At Tycoon Research we have a significant investment in both Code Igniter and Ruby on Rails. Frequently the differences in methodologies between the two is striking.

We ended up writing quite a few libraries to make CI less painful to develop with while fitting into the CI way of doing things. The CI-Events library is one of those libraries.

Why do you need an event library?

We were running into situations where several parts of our system needed to deal with certain things happening such as user registration.

In that case we were ending up with a Users#create method calling out to many, many other models and libraries or, even worse, handling things unrelated to a User. Over time this can get quite sloppy, bug ridden and difficult to maintain.

An event library allowed for proper separation of concerns resulting in simpler, easier to read code.

Why CI-Events?

We had four main goals:

  • Don’t introduce a lot of additional overhead.
  • Flexible enough to handle multiple usage styles.
  • Fit well into the CodeIgniter way of doing things.
  • Considering the indirection involved, attempt to keep things readable.

Admittedly, two of the four are subjective but, with the criteria in mind the other event libraries we looked at failed on one of more of these points. Most significantly, there was no single way of knowing what events were handled by what code.

Another, more minor issue, was the introduction of a new kind of handler file into CI. We felt that was unnecessary.

Usage

The library stores it’s event configuration in a configuration file: config/events.php. The empty config/events.php in the repo contains detailed documentation but, here’s some examples:

For each event there’s an array of handlers. A handler consists of the CI object type, the name of the object, the name of the method and an optional forth argument that may be anything you like.

This approach gives you a few things:

  • One point of reference for all the events in your system.
  • Delegation of event handling to existing libraries and models where appropriate.
  • Reuse of a single handler by modifying the handler’s behavior based on the forth argument.

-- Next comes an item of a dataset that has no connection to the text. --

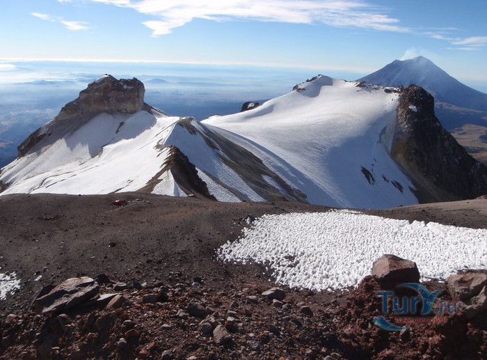 Спящий вулкан Истаксиуатль - третья по высоте горная вершина Мексики, в переводе с индейского языка науатль её название означает "Белая женщина", чаще гору зовут просто Иста. Вулкан расположен на Центральном нагорье, между хребтами Кордильер Сьерра-Невада и Сьерра-Мадре, в 70 км на юго-восток от города Мехико, на территории Национального парка Иста-Попо. У горы Истаксиуатль четыре пика, наивысшая вершина Печо имеет высоту 5230 метров над уровнем моря. С западной и восточной сторон вулкана силуэты четырёх снежных пиков напоминают голову, грудь, колени и ступни спящей женщины. Первое восхождение на вершину Исты было совершено в 1889 году. Следующими экспедициями были обнаружены доказательства того, что на вулкан в древние времена поднимались ацтеки и представители более ранних цивилизаций. Гора Истаксиуатль и соседний вулкан Попокатепетль (Попо) у древних жителей Мексики считались священными, с ними связаны множество легенд и преданий. Одна из них, самая романтическая, о любви Исты, дочери вождя ацтеков, и простого воина Попо. Влюблённые решили заключить брак, но коварный отец Исты не желал иметь в зятьях бедного и незнатного юношу. Вождь отослал Попо на войну, чтобы тот своей доблестью доказал право обладать царской дочерью. Однако, это был только предлог, чтобы разлучить влюблённых. Девушке принесли ложную весть о смерти её возлюбленного. От горя сердце Исты остановилось. Вернувшийся с поля боя Попо взял на руки бездыханное тело невесты и отправился в горы, чтобы там оплакать свою утрату. От страданий по любимой и его сердце перестало биться. Растроганные боги подарили влюблённым вечную жизнь и превратили их в горы-вулканы, стоящие рядом. Иста мирно спит, укрытая снежным покрывалом, а Попо до сих пор гневается, периодически извергая дым, лаву и пепел. Вершина вулкана Истаксиуатль манит альпинистов - профессионалов и любителей. С его вершины открывается потрясающий вид на вулкан Попокатепетль и долину у подножия горы.

Sending events is very simple:

The first argument is simply the matching event from your config/events.php. The second argument, like the forth argument in the config file, is entirely optional and may be whatever you’d like it to be. We’ve largely stuck to passing associative arrays through the second argument and been very happy with the result.

Finally, the actual handler:

It’s important to note that all three arguments are optional on the handler methods. If you accept no arguments, it’ll call your method without any arguments. Accept one and you’ll get just the second argument passed to the ->send call. The second argument, when present, will receive the forth argument from the config file. The third and final argument will be the name of the event such as profile.created.

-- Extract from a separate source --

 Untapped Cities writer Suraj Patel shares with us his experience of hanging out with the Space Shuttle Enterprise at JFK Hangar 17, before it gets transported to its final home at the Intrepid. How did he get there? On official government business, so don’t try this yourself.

This library has served us very well, in production, for a few months now. Feel free to use it and contribute back if you feel it’s missing something.

Update

I’ve pushed a very simple demonstration application to github. You can find it at http://github.com/rich/ci-events-demo-app. The handler library is simply called Thing and you can see it in system/application/libraries/Thing.php. The event is sent by the default welcome controller. The output looks like this:

5 Responses to “CI-Events: A Code Igniter event library”

  1. Miami_coder Says:

    Hi Rich/Tycoon,

    Thanks for your contribution to CI. You set a great example for other companies to follow.

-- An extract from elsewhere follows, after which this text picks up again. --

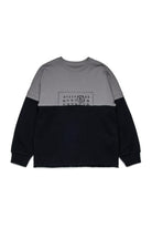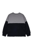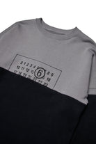 Sweat-shirt bicolore à col ras du cou et à manches longues, doté d'une construction A-cut typique de MM6. Le design simule l'assemblage de deux vêtements déconstruits et réassemblés, ce qui donne un look audacieux et contemporain, souligné par le bas coupé à vif.

    Second, I'm not sure I understand well how to pass those named args to your function assign_points, would you have a more detailed/basic example?

    Sorry for just not getting it.

  2. Colin Says:

    I don't see why you should need to configure each event. Seems like a convention would make more sense, so you hook into an event automatically instead of explicitly having to configure it. CI hooks already provides this, really.

  3. Rich Cavanaugh Says:

    @Miami_coder

    The arguments actually get passed automatically by the library. This happens when you send an event that method handles.

    I'll see if I can get an example app up on github in a day or two.

    @Colin

    It's not so much as you're configuring the event as the handlers. There would be no way to do the handler just by convention since the library containing the handler may not even be loaded when the event is triggered.

    CI Hooks do provide a small portion of the functionality that our library provides. It's missing the various argument passing mechanisms though which are pretty critical to our use cases.

  4. David Says:

    I took a stab at this today and the library threw a couple nasty exceptions and I'm not really sure what I did wrong.

    I set up the config file with a simple item that looks like this:

    $config['item.logged'] = array( array('library', 'Foo', 'log_item') );

    Then in my controller I sent the event like was mentioned:

    $this->events->send('item.logged', array('item' => 'Test item'));

    From that though, I get a fatal error with the message "Uncaught exception 'ReflectionException' with message 'The parameter class is expected to be either a string or an object'". Any ideas what I'm doing wrong here?

  5. Rich Cavanaugh Says:

    @David

    The library doesn't really do any sanity checking of the config/events.php file. Basically, the library names need to be all lower case. So, where you have "Foo" it should be "foo."

    Also, I've updated the post to link to a new repo on github. It's a demonstration CI application including the events library.